What also works well in our culture is experiential learning (thinking of the card-sort simulation and boardwalk in our leadership programme) that feels like an immersive game. Even in what could be seen as factual programmes like business ethics for senior leaders, we use games to show how judgement calls are made and to discuss how we set a culture of integrity.

3. How much of Fung Academy’s L&D programmes are focused on ‘soft skills’ like emotional intelligence, conflict resolution and storytelling?

Fung Academy’s core focus is on the senior leadership team (General Manager and up) across the Fung Group. In fact we focus more on developing the leadership capabilities of our senior leaders and enhancing their core competencies: global mindset, customer focus, agility, innovation, collaboration and developing others.

4. How do persuade the boss to invest in L&D when HR budgets are tight?

This is always a big challenge for the L&D professionals. For us, we are an asset-light company – the only valuable assets we have are our people. Therefore, it’s almost in the group’s DNA that we have a strong emphasis on developing our people. Even in tough times, we actually have invested more as we believe that good and strong talents will help to develop and grow our businesses.

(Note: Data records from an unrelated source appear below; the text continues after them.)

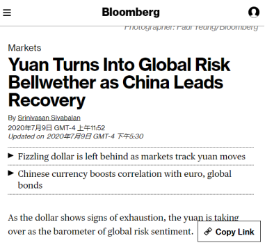 △彭博社稱,中國引領(lǐng)經(jīng)濟復(fù)蘇,人民幣成為全球風(fēng)險情緒“晴雨表”
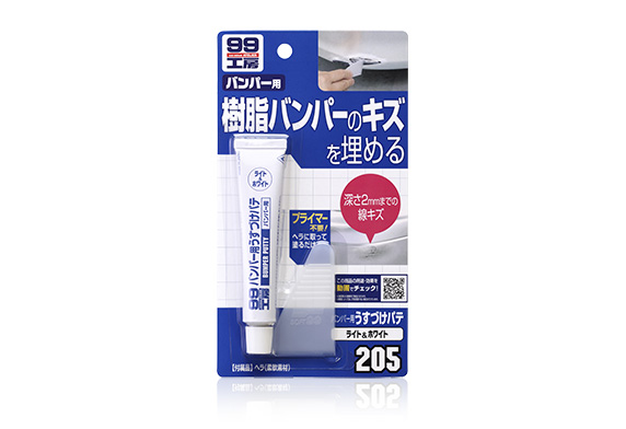 バンパープライマー不要でご使用いただけます。曲面の多いバンパーに便利なフレキシブルパテヘラを採用。
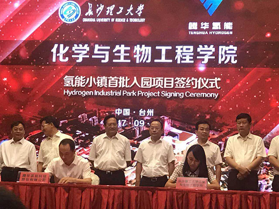 论坛开幕式上进行了氢能小镇首批入园项目签约仪式。此次签约的项目包括氢能产业投资基金、氢能客车研发中心和中试基地、移动加氢车等,同时还签约了一批产学研合作项目,总金额达23亿元。童海霞老师代表350vip浦京集团官网化学与生物工程学院与主持氢能小镇项目的腾华氢能科技股份有限公司签署了产学研合作协议。
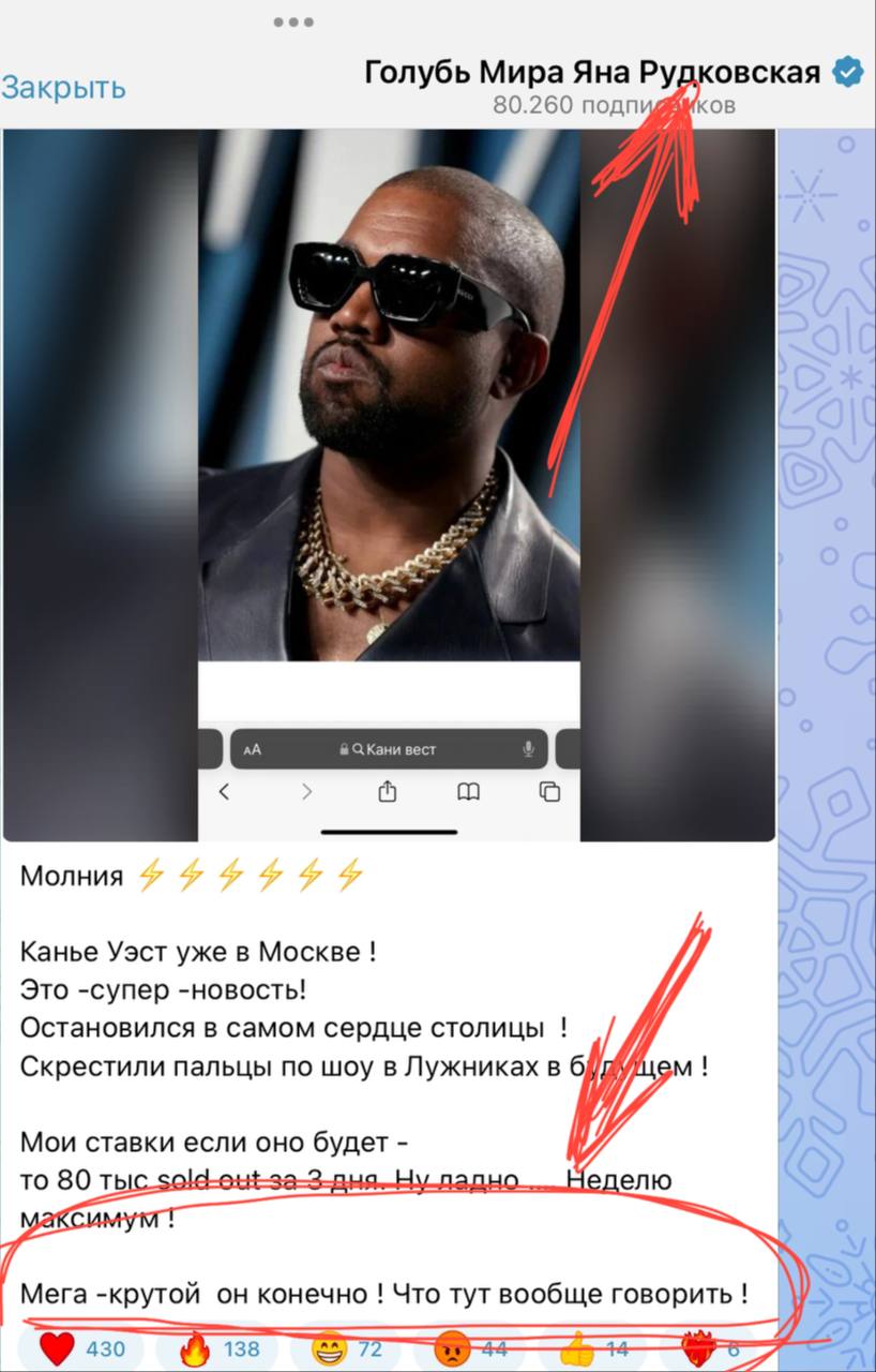 Рудковская начала намекать на "большой концерт в Лужниках", который, как хорошо известно, не планировался даже рядом, и заявляла, что билеты на Уэста раскупят за три дня. Ну, за неделю - максимум. В крайнем случае - за полгода.
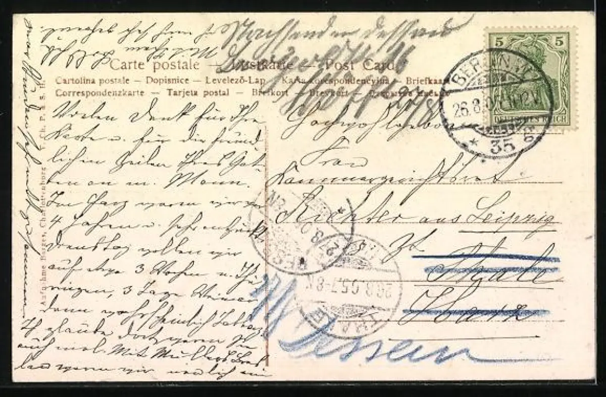alte Ansichtskarte, gelaufen 1905, Stempelspur, guter Zustand
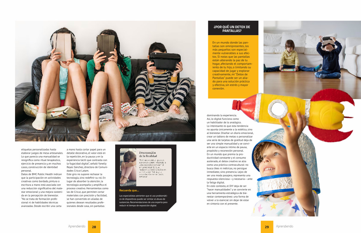 etiquetas personalizadas hasta elaborar juegos de mesa artesanales. Lo que parecía una manualidad se resignifica como ritual terapéutico, ejercicio de presencia y, en muchos casos, construcción de identidad personal. Datos de BMC Public Health indican que la participación en actividades creativas como bordado, pintura o escritura a mano está asociada con una reducción significativa del malestar emocional y una mejora sostenida en la percepción de bienestar.“ No se trata de formación profesional ni de habilidades técnicas avanzadas. Desde escribir una carta a mano hasta cortar papel para un detalle decorativo, el valor está en la repetición, en la pausa y en la experiencia táctil que contrasta con la fugacidad digital”, señaló Yanelly Reyes Sánchez, directora de Comunidades Cricut Latam. Este giro no supone rechazar la tecnología, sino redefinir su rol. En lugar de absorber la atención, la tecnología acompaña y amplifica el proceso creativo. Herramientas como las de Cricut, que permiten cortar materiales con precisión y facilidad, se han convertido en aliadas de quienes desean resultados profesionales desde casa, sin pantallas
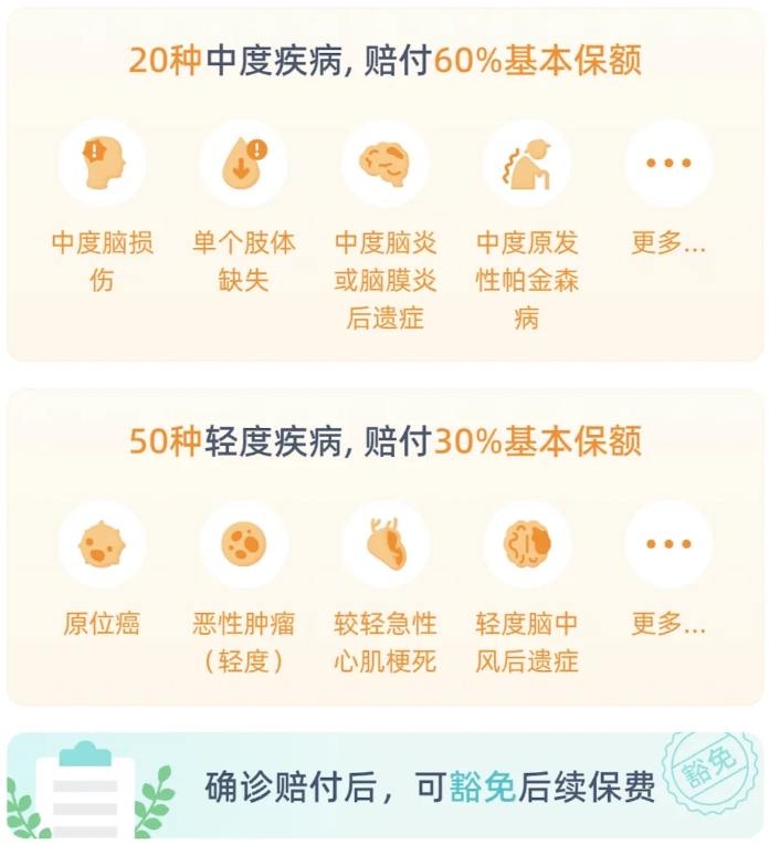 50種輕癥賠30%保額,20種中癥可賠60%保額,而且一旦確診后續(xù)保費(fèi)全部豁免,保障繼續(xù)有效,這個(gè)設(shè)計(jì)太人性化了!
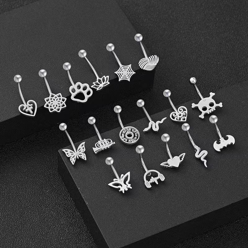 1 pezzo di moda in acciaio inox curvo farfalla fiore Piercing all'ombelico per le donne ragazze Ombligo cuore teschio di serpente anello ventre

5. How do you get maximum benefit for your L&D spend?

It’s always difficult to measure the ROI of L&D investments. For the Fung Academy, we have our project charters for our various L&D interventions. The project charters will list clearly the purposes/objectives of the initiatives/programmes, the content, the processes, expected investments, expected deliverables and impact.

We also need a sponsor – either a business sponsor or a strategic sponsor – so as to get alignment on expected outcomes and returns. Secondly, we will keep track of the programme/initiative execution to see if they’re on track or not. Thirdly, we also set KPIs for evaluation as agreed in the project charters.

Of course, some skillsets are easier to measure than mindsets. For some L&D interventions that focus on agility, or adaptability to change, these we have to take the longer view on. For some, we can measure learning and attitude change in the short term, but have to be more inventive in measuring ROI.